Hashing Data Structures Flashcards
What are buckets?
- A file is divided into a number of buckets (usually a prime number)
- Records are stored in buckets
What is the purpose of a hashing table?
Allows fast random access to <key,value> pair logical-records…
…Without any indexing overheads
What determines the bucket location a record is stored in?
A hashing function
How do hashing functions work?
- The function will use the key field assigned to the record
- Will return a number between 0 and the total number of buckets
How do collisions occur?
When two records with different key fields are assigned to the same bucket
What are 3 methods used to minimise collisions?
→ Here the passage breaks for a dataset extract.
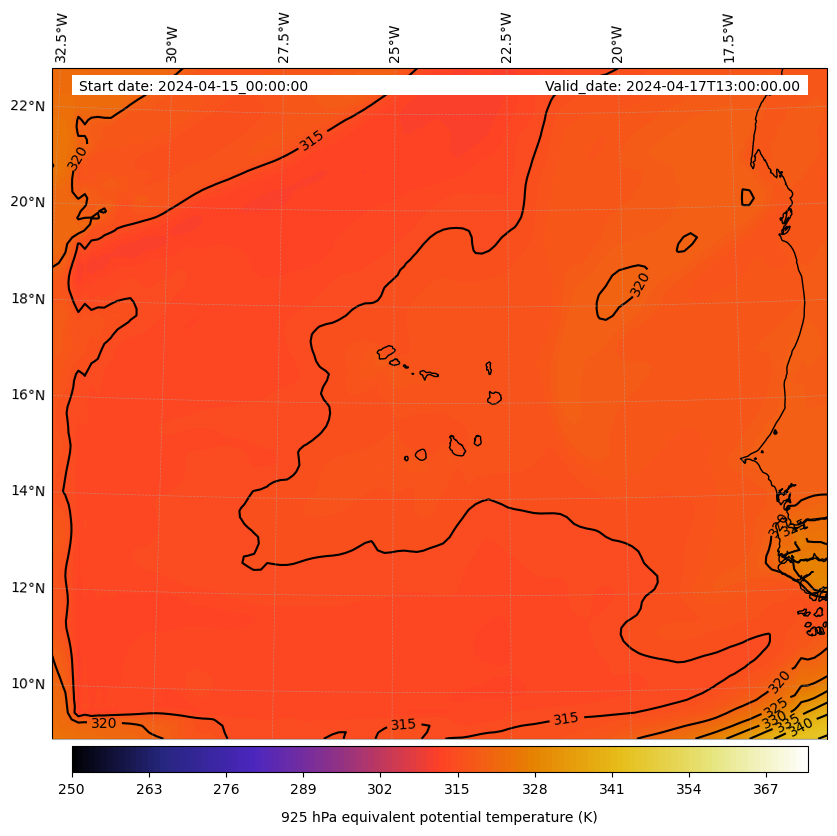 - Equivalent Potential Temperature (K)
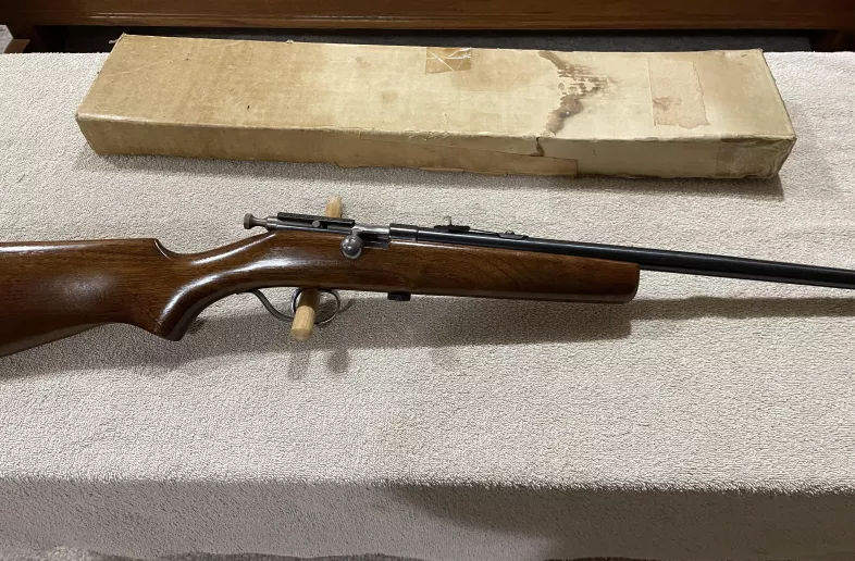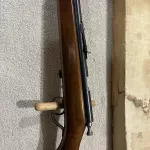Up is my Cooey model 39. This is the original Cooey 39, not Winchester. It comes with the box. It is in original condition. If I remember correctly it was a display model in a now long defunct gun shop. There is the odd very minor mark and the bluing at the rear of the breech is speckled. The pic really magnifies the look. Apparently one recently sold at auction with box for $1400.00!!

- Increase the number of buckets
- Have expandable buckets that can store a flexible amount of records
- Use overflow buckets
What are the downsides of method 1:
Increase the number of buckets
- A new hashing function is needed
- All current data will need to be rehashed
What are the downsides of method 2:
Have expandable buckets that can store a flexible amount of records
- Requires an in-bucket sequential search
- No longer an O(1) search
What are the downsides of method 3:
Use overflow buckets
- Requires pointers from buckets to overflow area
- Increases search time
What is the probability of a collision occurring after adding 4 records to a file with 10 buckets?
Probability a collision has not occurred:
(10/10) x (9/10) x (8/10) x (7/10) = 0.504
Probability a collision has occurred:
1 - 0.504 = 0.496
What are 2 examples of hashing tables?
- HashSets <u></u>
- HashMaps <k, v>
What is a hash table?
- A data structure that stores data via hashing
- The index of each element is determined by a hash code
- Hash code is calculated using a hashing function
How to search a hash table for an object?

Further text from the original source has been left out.